- **Task item**: Write out the lines below once more, exactly as they appear. Do not include pictures.

- **Material provided**:

--------------------------------------------------

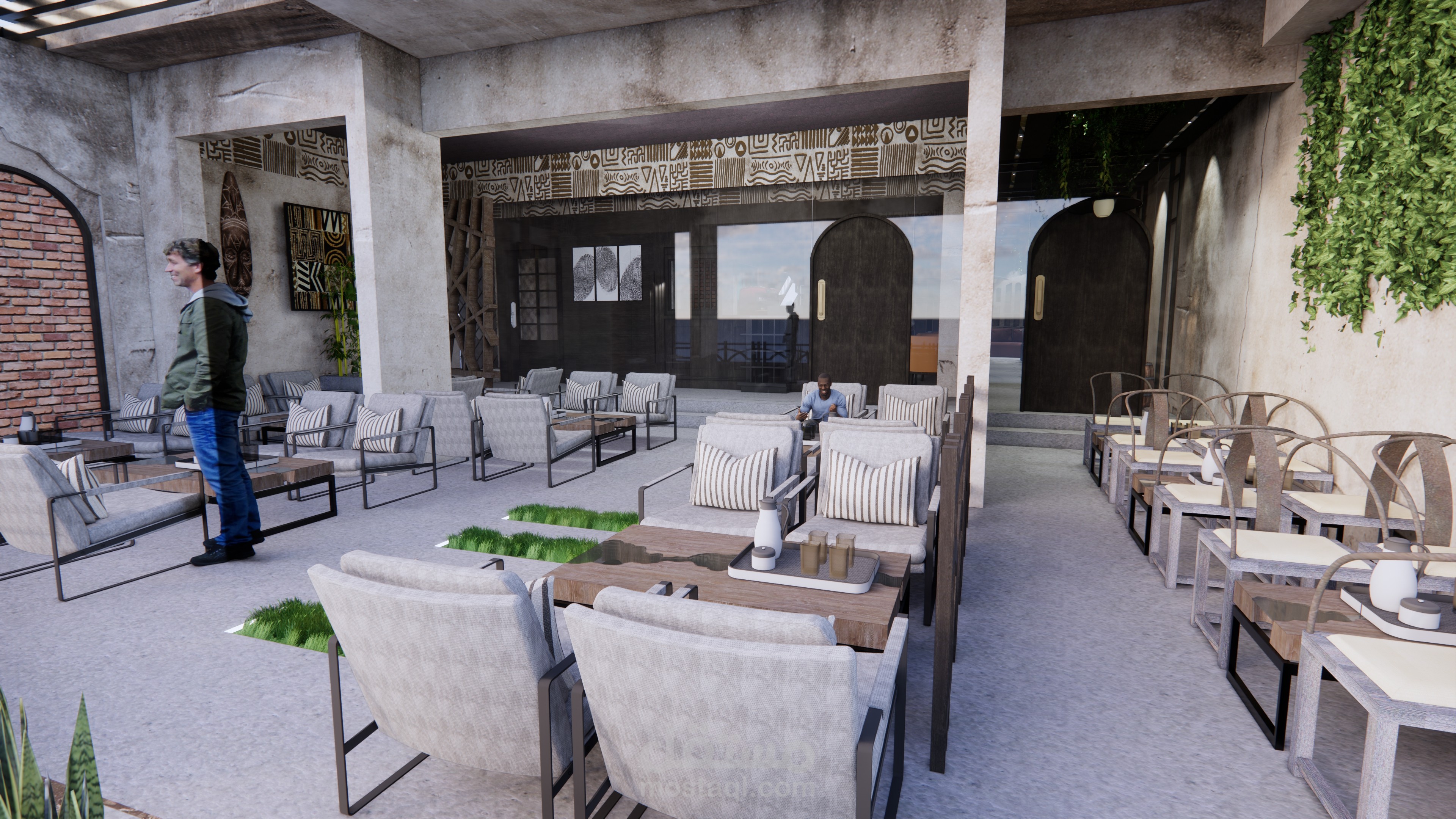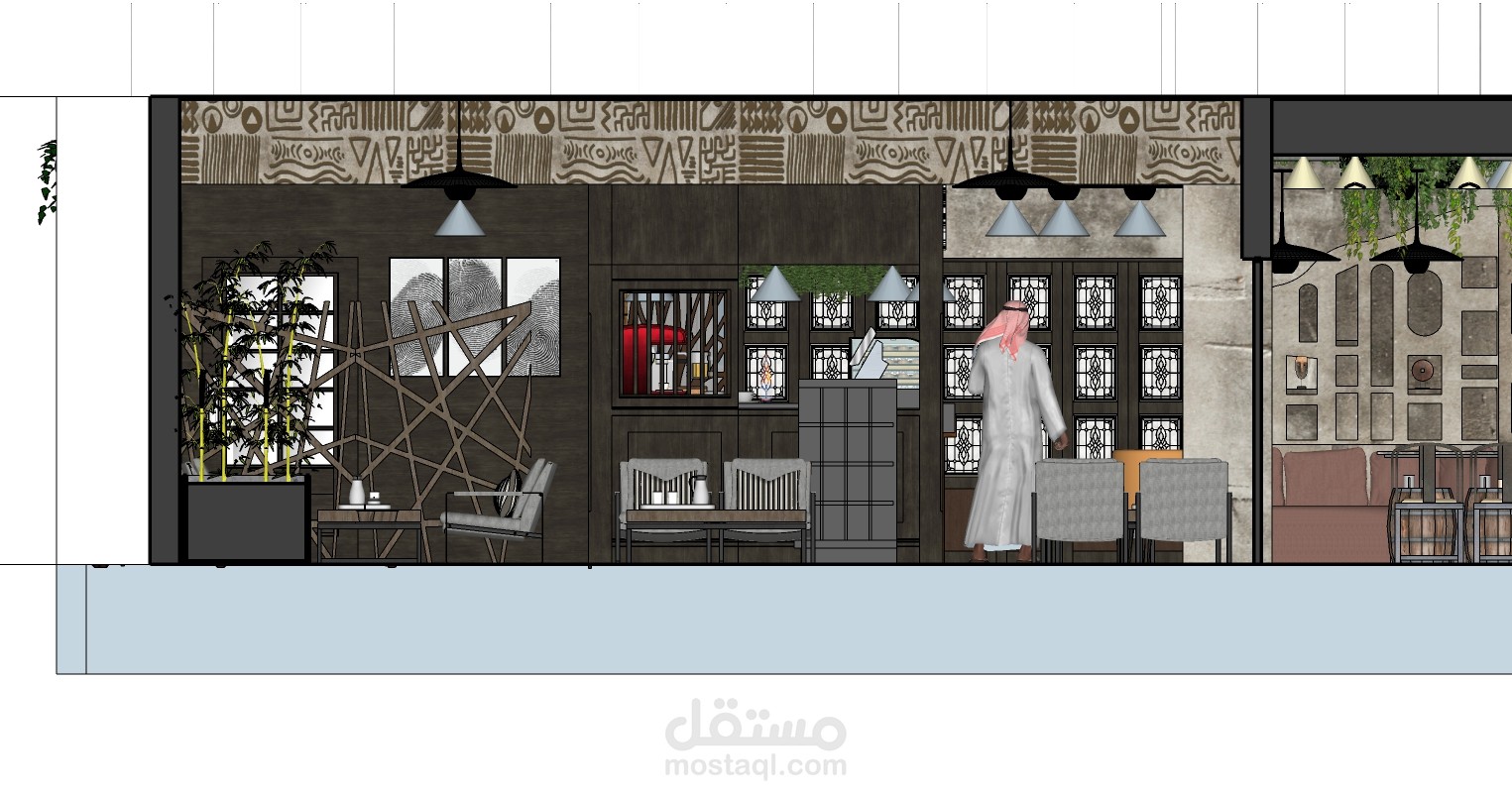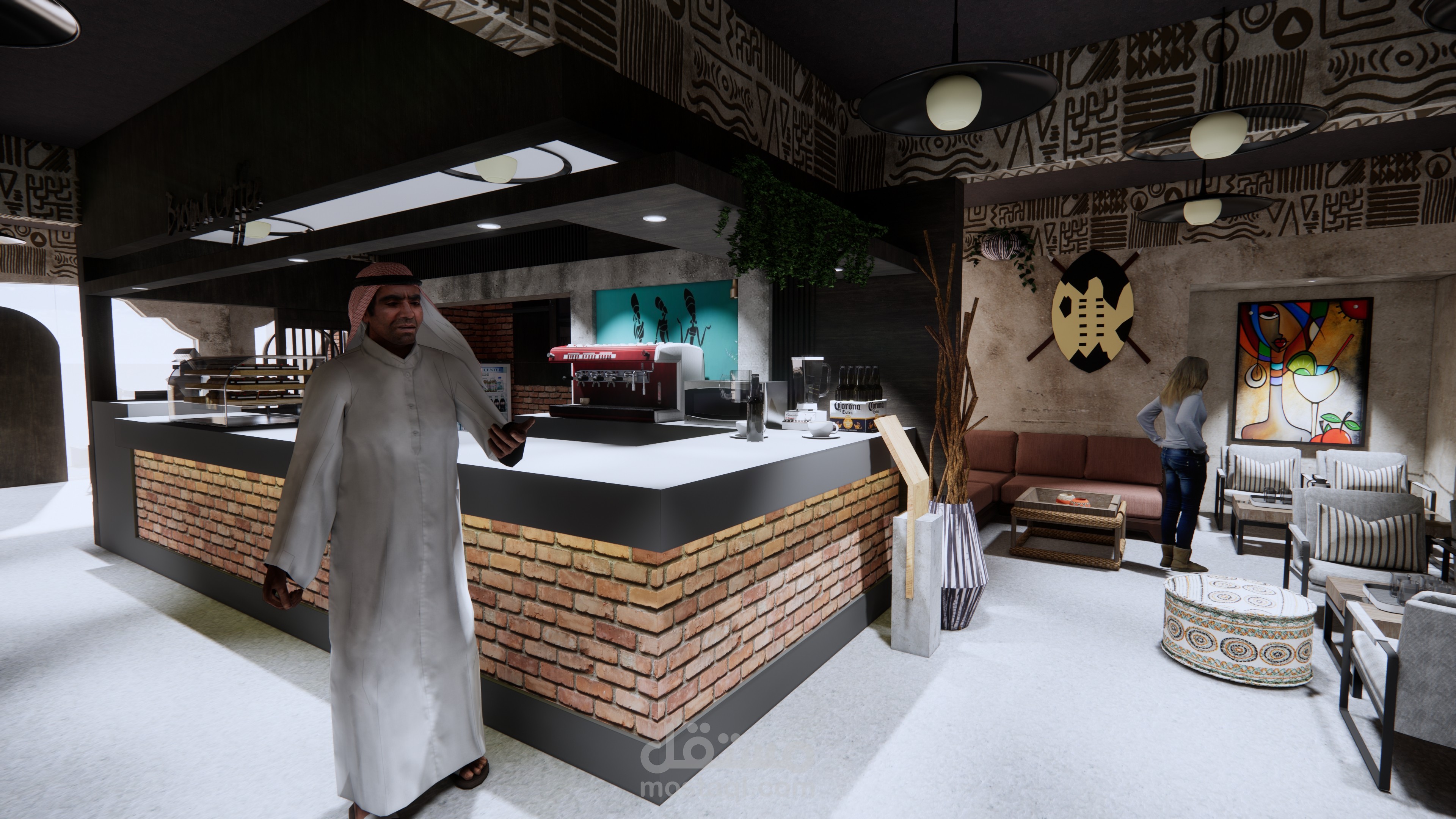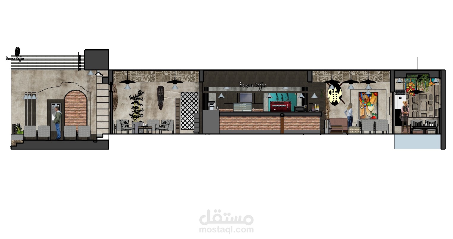 تصميم داخلي كوفي شوب - ينقسم الى جلسات داخلية وجلسات مفتوحة خارجية
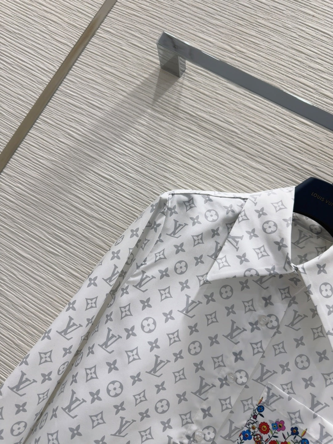LV 25 Floral Wristband Shirt White Grey Polyester
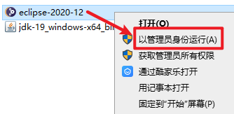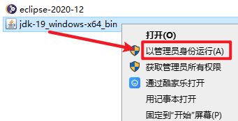 2.打开刚刚解压的文件夹,选中“jdk-19_windows-x64_bin”右键选择“以管理员身份运行”

--------------------------------------------------

- **Result below**:
 تصميم داخلي كوفي شوب - ينقسم الى جلسات داخلية وجلسات مفتوحة خارجية
LV 25 Floral Wristband Shirt White Grey Polyester
 2.打开刚刚解压的文件夹,选中“jdk-19_windows-x64_bin”右键选择“以管理员身份运行”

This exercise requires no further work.